To understand the impact of these stimuli, biology does unfortunately not offer an obvious place to look at. Rather, it seems spread across all the levels of regulation. To adress this huge space we use a combination of qualitative and quantitative analysis, developing new bioinformatics methods as required (Python, R, C, Java). We try to use modern “omics” protocols as much as possible, with a selection shown below. In addition, we have access to droplet single-cell equipment, and we develop our own improved wetlab protocols. Sequencing-based approaches is our speciality!

Our group has pioneered the use of CRISPR for finding genes regulating a certain process. To do this, a “cocktail” of viruses is added to the cells. Each virus regulates one target gene using CRISPR. By selecting the cells that behave in a certain way, and comparing to the ones that do not using sequencing, we can quickly find the genes we should be looking at. This way we can overcome plenty bias in which genes we study. It turns out we have had too much of a habit at looking at the same old genes, over and over!
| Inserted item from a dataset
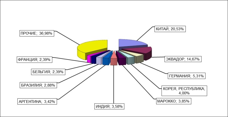 Диаграмма 4. Основные группы товаров, экспортируемые из РФ в регионе деятельности Балтийской таможни за январь - июнь 2019 года В январе-июне 2019 года товары импортировались из 143 стран мира. Основные страны-импортеры: Китай (20,5%), Эквадор (15%), Германия (5.3%), Республика Корея (4%), Марокко (4%), Индия (3,5%), Аргентина (3,4%), Бразилия (3%), Бельгия (2.4%), Франция (2,4%).

Once we know which genes are the main drivers of T cell behaviour in cancer, we are able to create sturdier T cells that can circumvent common tricks of the tumour. We can do use using viruses that deliver new genes (gene therapy), that in the case of CAR T cells contain a new anti-cancer receptor. From our screens and atlassing, we aim to find other regulatory mechanisms of the cells that we can reprogram. This can be done by including further “helper genes” in the viral construct.